Time for training : 1467.5661361217499 s


## IV. Deploy our trained model

After finetuning the BERT base model, we are ready to deploy the trained model to an Sagemaker endpoint and test it with some question answering tast data.

Let's first deploy the model to the inference instance `'ml.g4dn.4xlarge'`. Since the deploy needs to launch new instance and upload the model, it will take about 10-12 minutes.

In [17]:
from sagemaker.predictor import RealTimePredictor, json_serializer, json_deserializer

class JSONPredictor(RealTimePredictor):
    def __init__(self, endpoint_name, sagemaker_session):
        super(JSONPredictor, self).__init__(endpoint_name, sagemaker_session, json_serializer, json_deserializer)


In [18]:
deploy_start = time.time()

## endpoint name must satisfy regular expression pattern: ^[a-zA-Z0-9](-*[a-zA-Z0-9])*
endpoint_name = 'bert-kdd' 
        
        
torch_model = PyTorchModel(model_data=f's3://{bucket}/model.tar.gz',
                           role=role,
                           entry_point='transform_script.py',
                           framework_version='1.4.0',
                           predictor_cls=JSONPredictor)

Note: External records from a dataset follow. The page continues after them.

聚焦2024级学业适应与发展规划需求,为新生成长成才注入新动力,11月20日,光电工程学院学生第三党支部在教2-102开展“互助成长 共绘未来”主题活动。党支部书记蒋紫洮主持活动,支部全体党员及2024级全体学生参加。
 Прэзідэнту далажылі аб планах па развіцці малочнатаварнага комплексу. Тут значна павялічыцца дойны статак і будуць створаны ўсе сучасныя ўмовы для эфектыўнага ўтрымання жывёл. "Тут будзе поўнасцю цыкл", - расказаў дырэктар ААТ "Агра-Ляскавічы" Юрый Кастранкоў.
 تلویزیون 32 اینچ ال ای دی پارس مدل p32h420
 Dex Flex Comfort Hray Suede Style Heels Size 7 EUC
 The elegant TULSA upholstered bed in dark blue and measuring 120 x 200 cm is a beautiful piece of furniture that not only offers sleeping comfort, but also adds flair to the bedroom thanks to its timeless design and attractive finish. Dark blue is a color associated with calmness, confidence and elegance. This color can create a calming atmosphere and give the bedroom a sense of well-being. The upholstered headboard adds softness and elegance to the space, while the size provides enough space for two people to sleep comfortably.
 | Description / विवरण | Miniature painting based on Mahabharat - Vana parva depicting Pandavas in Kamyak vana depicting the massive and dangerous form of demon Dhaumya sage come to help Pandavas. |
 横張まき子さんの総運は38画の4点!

bert_end = torch_model.deploy(instance_type='ml.g4dn.4xlarge', 
                              initial_instance_count=1, 
                              endpoint_name=endpoint_name)

print("Time for deploying '{}' : {}".format(endpoint_name, time.time() - deploy_start))

Parameter image will be renamed to image_uri in SageMaker Python SDK v2.
'create_image_uri' will be deprecated in favor of 'ImageURIProvider' class in SageMaker Python SDK v2.


---------------!Time for deploying 'bert-kdd' : 635.0710117816925


After the deployment, you should be able to see your endpoint [here](https://console.aws.amazon.com/sagemaker/home?region=us-east-1#/endpoints).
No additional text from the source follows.